TASK INSTRUCTIONS: Set down, exactly as written, the lines from the line holding "無事に到着!持ってきたおやつをみんなで、食べた後は、落ち葉であそんだよ🍂" to the end of the data, inclusive, skipping any pictures.

Source data:
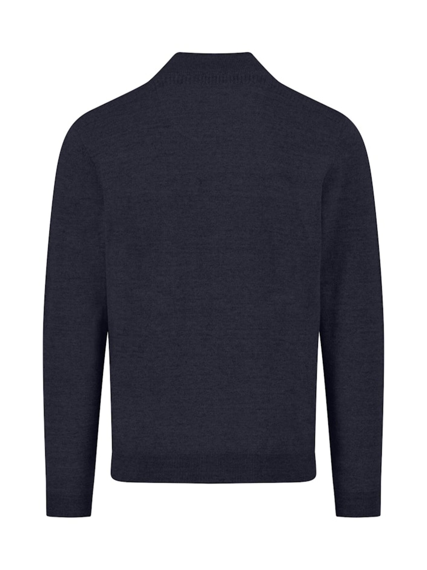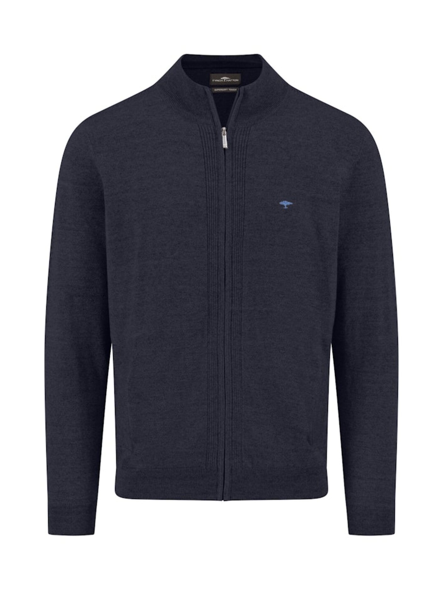En klassisk herrecardigan med stand-up krave og lynlås,
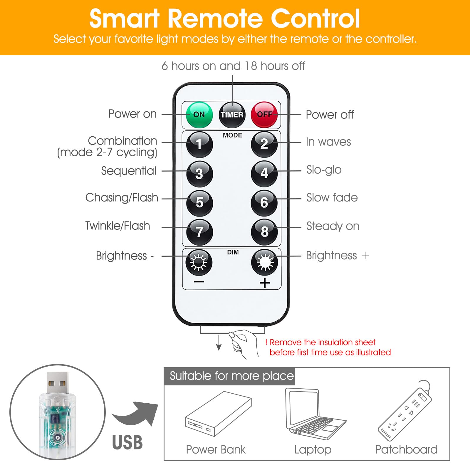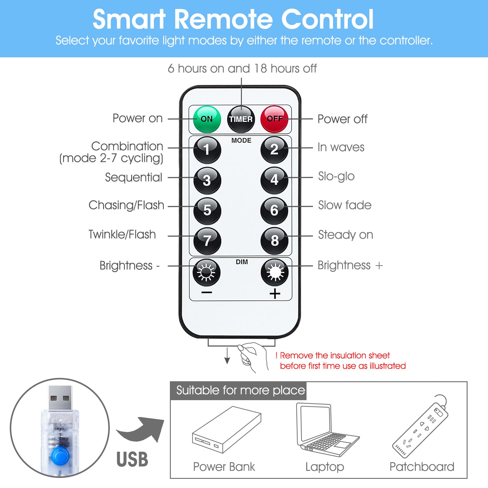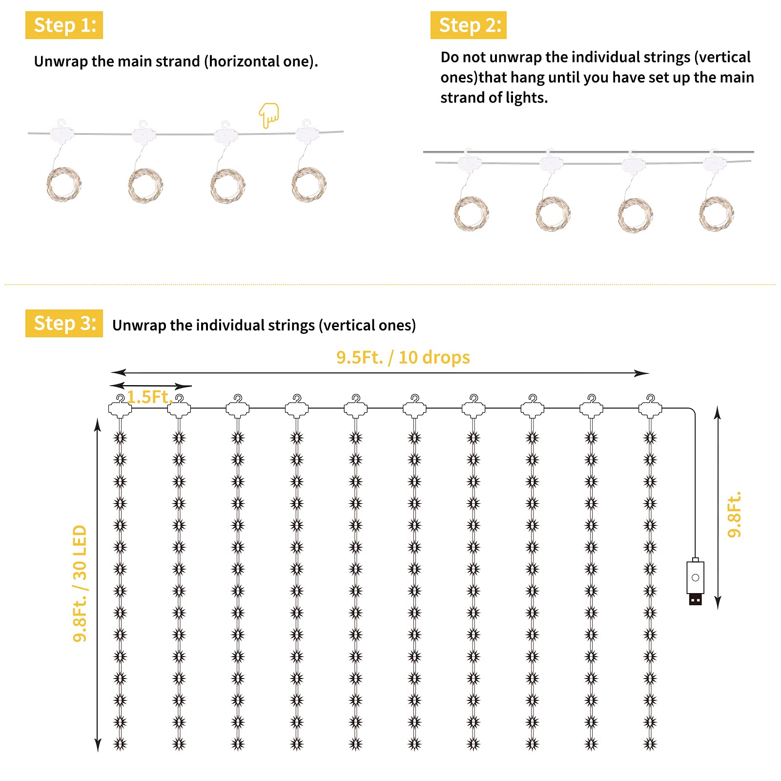 • [ USB Powered ] - Plug in with our USB charger, suitable for more places to get powered even in camping or barbecue. Or Powered by power bank, laptop, cellphone adapter and more.Start and enjoy the curtain lights anywhere you love.
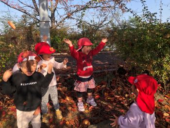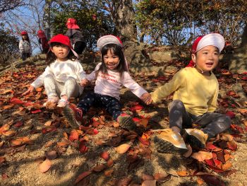 無事に到着!持ってきたおやつをみんなで、食べた後は、落ち葉であそんだよ🍂
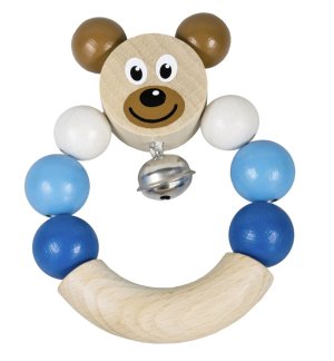 Dřevěné chrastítko s medvídkem v modré barvě.
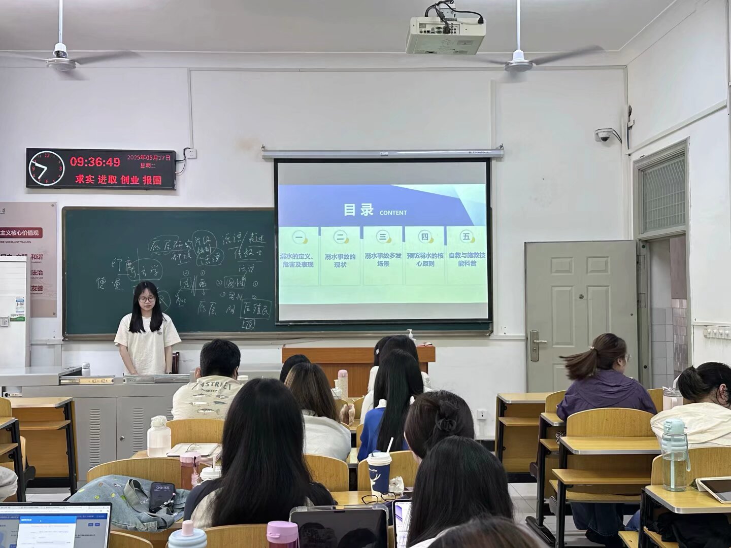 随着气温逐渐升高,溺水事故进入高发期。防溺水专题教育成为此次班会的重点内容。各班副班长化身“安全讲解员”,详细介绍淡水淹溺、海水淹溺两种类型,深入剖析溺水事故的致死原因。他们结合近年来身边发生的真实溺水案例,用一个个惨痛的教训着重强调防溺水的重要性和必要性。在讲解过程中,副班长们还关注游泳或生活中与水有关运动的细节,比如提醒同学们游泳前做好热身、不擅自与他人结伴游泳等,以此加强学子对防溺水安全的重视。通过情景化的生动讲解,让学生深刻认识到溺水事故对个人生命、家庭幸福和社会和谐造成的多重伤害,切实增强 “珍爱生命,远离危险” 的安全自觉。

RESPONSE AREA:
 無事に到着!持ってきたおやつをみんなで、食べた後は、落ち葉であそんだよ🍂
 Dřevěné chrastítko s medvídkem v modré barvě.
 随着气温逐渐升高,溺水事故进入高发期。防溺水专题教育成为此次班会的重点内容。各班副班长化身“安全讲解员”,详细介绍淡水淹溺、海水淹溺两种类型,深入剖析溺水事故的致死原因。他们结合近年来身边发生的真实溺水案例,用一个个惨痛的教训着重强调防溺水的重要性和必要性。在讲解过程中,副班长们还关注游泳或生活中与水有关运动的细节,比如提醒同学们游泳前做好热身、不擅自与他人结伴游泳等,以此加强学子对防溺水安全的重视。通过情景化的生动讲解,让学生深刻认识到溺水事故对个人生命、家庭幸福和社会和谐造成的多重伤害,切实增强 “珍爱生命,远离危险” 的安全自觉。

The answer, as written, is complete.